He says it came pre-gassed (like the home ones from B&Q I expect).

Here are a couple of other links
http://www.aes2.co.uk/sleepwell.htm
http://www.sleepingwell.net/

Should point you in the right direction.

I see these have timers on which might be handy for an hour or so to get to sleep and then leave a fan running to take over for the rest of the night.


----------



## CliveMott (Mar 10, 2008)

All air conditioners cool the air by evaporation. Most use a refrigerant and a compressor system and then cool the air indirectly with a heat exchanger.
BUT
There was a simple 12 volt aircon system that had a water evaporator built into a roof mounted fan unit. There was a small water tank (that needed periodic topping up) situated somewhere and a small pump for keeping the evaporator wet. It lowered the air temperature by a few degrees only, but on a hot dry day you would certainly appreciate the difference when you entered the van.
My mate John has one on his old Hymer.

Then again you could play with one of these 
http://www.kooleraire.com/product information.htm

Chive


----------



## coppo (May 27, 2009)

CliveMott said:


> All air conditioners cool the air by evaporation. Most use a refrigerant and a compressor system and then cool the air indirectly with a heat exchanger.
> BUT
> There was a simple 12 volt aircon system that had a water evaporator built into a roof mounted fan unit. There was a small water tank (that needed periodic topping up) situated somewhere and a small pump for keeping the evaporator wet. It lowered the air temperature by a few degrees only, but on a hot dry day you would certainly appreciate the difference when you entered the van.
> My mate John has one on his old Hymer.
> ...


Yes thats what we have on our hymer, a simple evaporative cooler on the ceiling, a water tank and pump in the wardrobe. It does lower the temperature on a hot dry day and its lovely to feel the cool air. A bit too noisy though for long periods. Caroline sai she wouldnt go abroad without one now.

Paul.


----------



## wirerick (Dec 16, 2009)

Hi I am the same hate going bed when its to hot. We was going to get AC but Karen just moans if it gets to cold which is still to warm for me LOL.
Now don't laugh but i put a bottle of water in the fridge and take it to bed bloody lovely works a treat. Isn't noisy didn't cost a penny and the most important thing is Karen doesn't moan LOL. 
We are in Perpignan and it was 32 in the van last night and i had no problems sleeping.
Try It and See.

Rick, Karen and Oscar (the cat).


----------



## LandCruiser (Feb 12, 2006)

I have a DIRNA 12v Evaporative Air Cooler (roof-mounted) fitted to my 8M mh, which has been in use for over four years now.
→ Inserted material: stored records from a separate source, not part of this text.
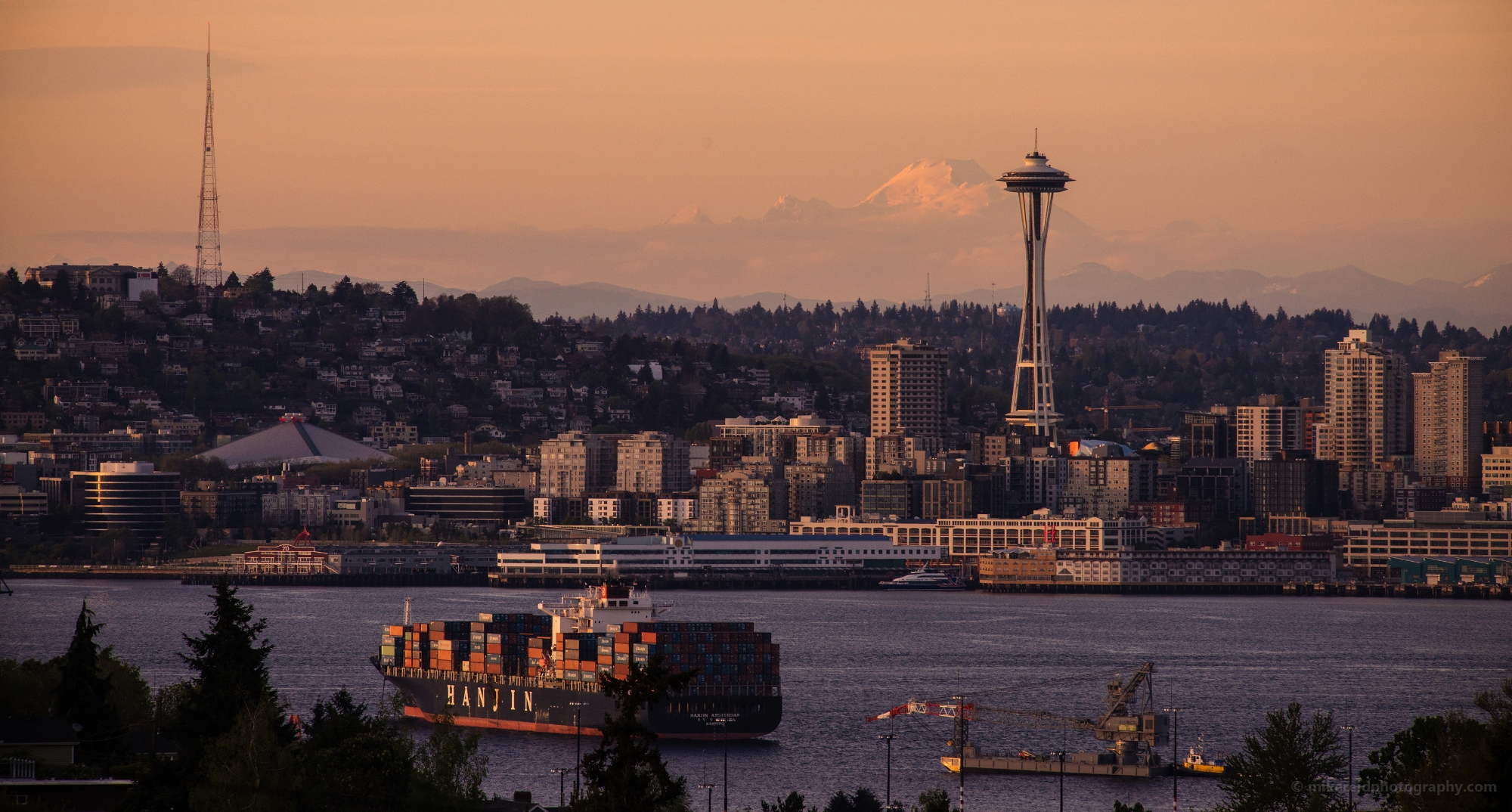 The Seattle skyline glows in the soft light of dusk as the Space Needle stands tall above the city. In the distance, snow-covered Mount Baker rises through the warm haze, creating a stunning contrast between Seattle’s urban waterfront and the Cascade Mountains beyond. A container ship glides across Elliott Bay, adding scale and motion to this serene Pacific Northwest evening scene.
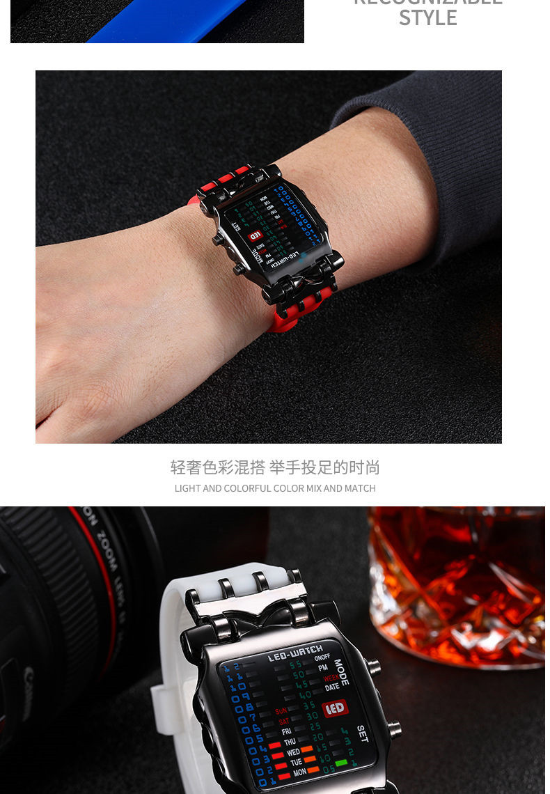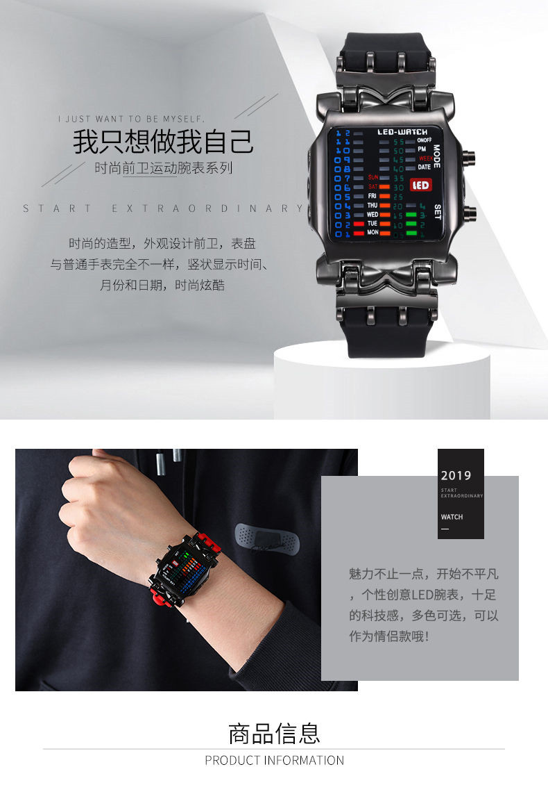 Универсальные водонепроницаемые мужские часы, модные трендовые неоновые спортивные цифровые часы, простой и элегантный дизайн
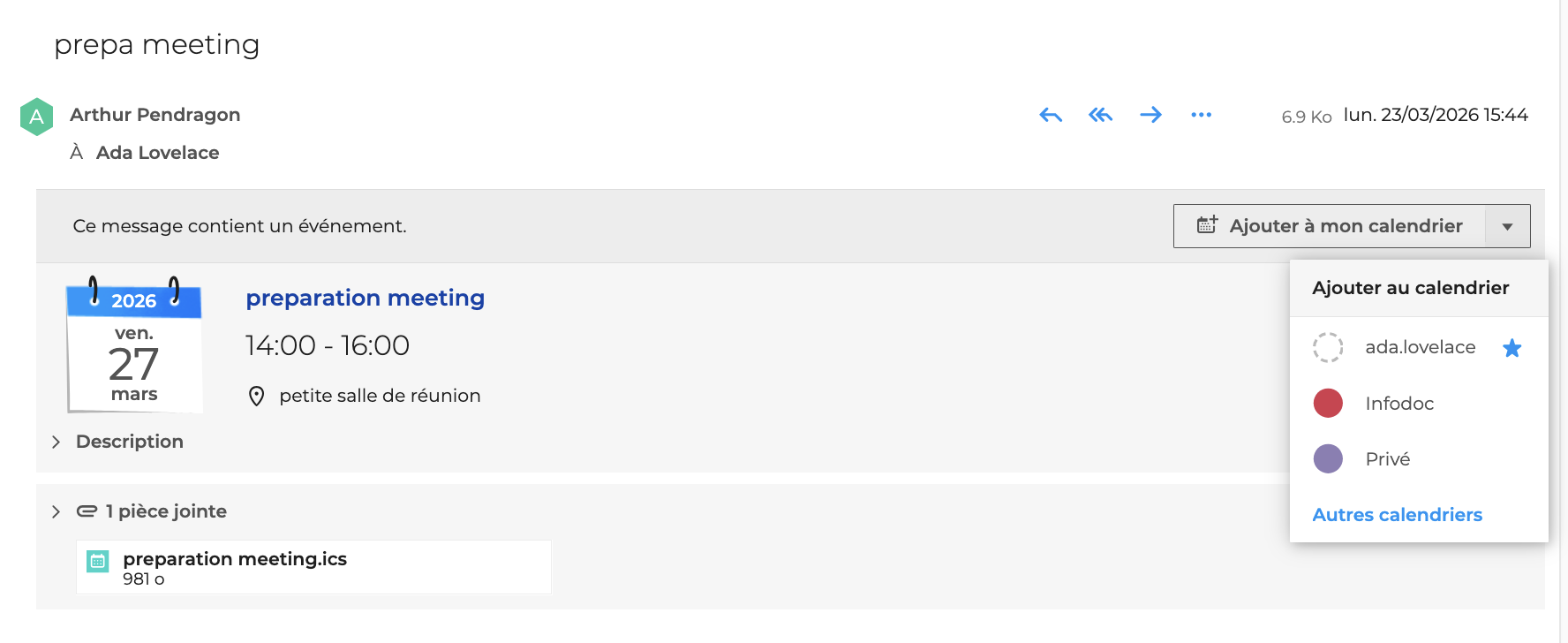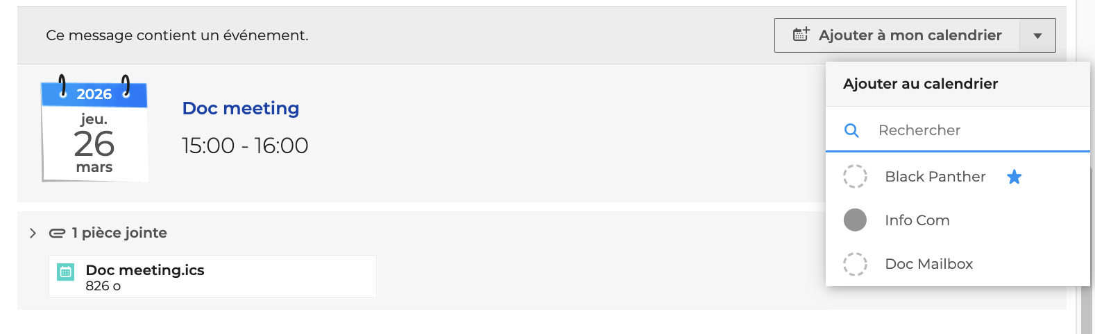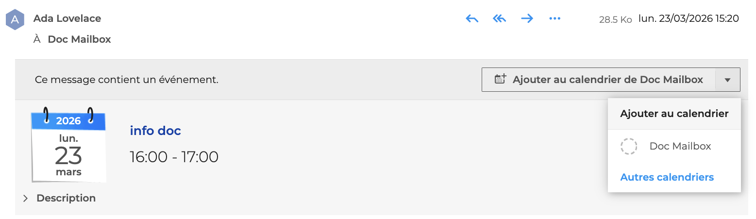 La notification indique que le message contient un évènement, le détail des informations est indiqué dans la description et l'utilisateur peut l'ajouter à l'un de ses calendriers en cliquant sur "Ajouter à mon calendrier".
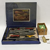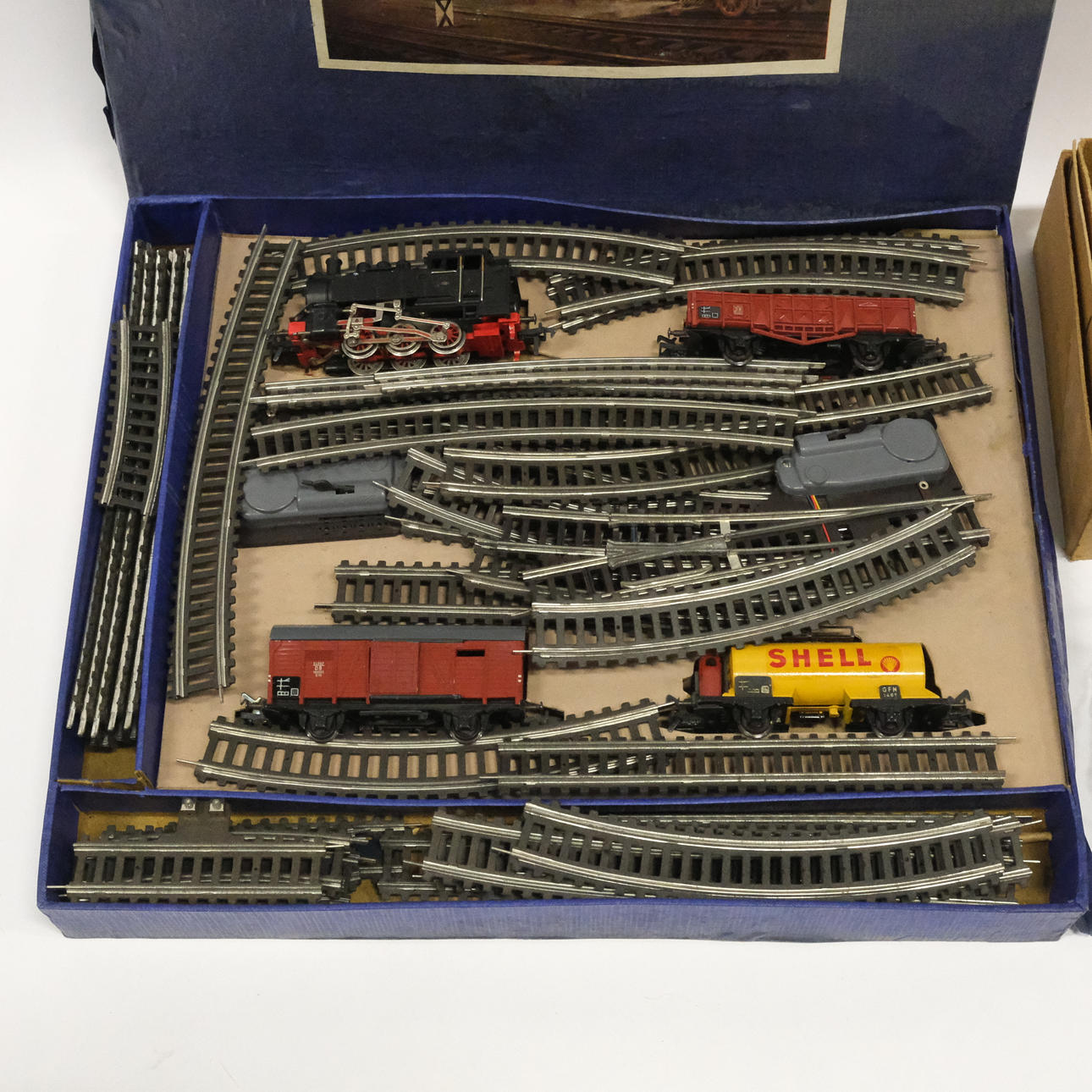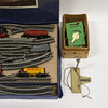 Bahngleis im Originalkarton, bestehend aus: Lokomotive, drei Waggons und Gleisen.

I believe it's the unit to which Clive refers above. It's ideal for use anywhere ( don't need hook-up) and is put to good use on the ferry, whilst parked-up for lunch or the supermarket shop or similar, to keep the little pooch cool!

Where it comes into it's own is for overnight use - you can set a timer delay (1, 3 or 6 hours) for auto turning off - and it isn't intrusively noisy; Comes with a remote for bedtime use ! 

Ours is fitted to the roof mid-way down the van and nicely keeps the rear bedroom area cool overnight through three of six outlet vents, all of which are volume and directional controllable.

Won't cope with 35deg+ but don't find too many nights like that; Will pull inside air temp down between 10-15deg below ambient. Generally used almost all of the time in southern climes during multi-month trips away and it's only on 3 or 4 days a trip where we find it won't cope (in the daytime) with excessive heat.

Low battery consumption, so it's ideal; only uses-up c. 3-5 litres of water a day, plumbed-in from main supply tank. It's a doddle to use.

It's not an AirCon unit but a cooler and has been a great compromise solution for extensive travels throughout Europe, including Greece and Crete.

Would I buy another one ? Yes !

Brian.


----------



## suedew (May 10, 2005)

wirerick said:


> Hi I am the same hate going bed when its to hot. We was going to get AC but Karen just moans if it gets to cold which is still to warm for me LOL.
> Now don't laugh but i put a bottle of water in the fridge and take it to bed bloody lovely works a treat. Isn't noisy didn't cost a penny and the most important thing is Karen doesn't moan LOL.
> We are in Perpignan and it was 32 in the van last night and i had no problems sleeping.
> Try It and See.
> ...


Similar idea, i carry a hot water bottle in the van all the time, warm water in winter or for aches and pains, cold water at night in hot weather or for sprains. Great dual purpose item 
Sue


----------



## Monkey_Man (Feb 14, 2010)

*12v mini aircon*



pippin said:


> I shall do some hunting on the internet for more info.


Hi, did you manage to get more info and figure out a way of doing this ?
I am hugely interested. Even if it can't cool a room (2mx2m) down even having a cold stream of air coming in would be great rather than blowing in already warm air.

Anyone have any luck with this ?


----------



## CurlyBoy (Jan 13, 2008)

spykal said:


> Zebedee said:
> 
> 
> > You don't need to Alan. You can buy one for ten quid. 8O
> ...


...we use exactly the same fan, very good indeed, during the day when solar is charging it makes no drain on the battery, at night we can leave it on low setting and within an hour of solar charge the battery is full again. I bought ours in Asda a couple of years ago, wished I had bought two!

curlyboy


----------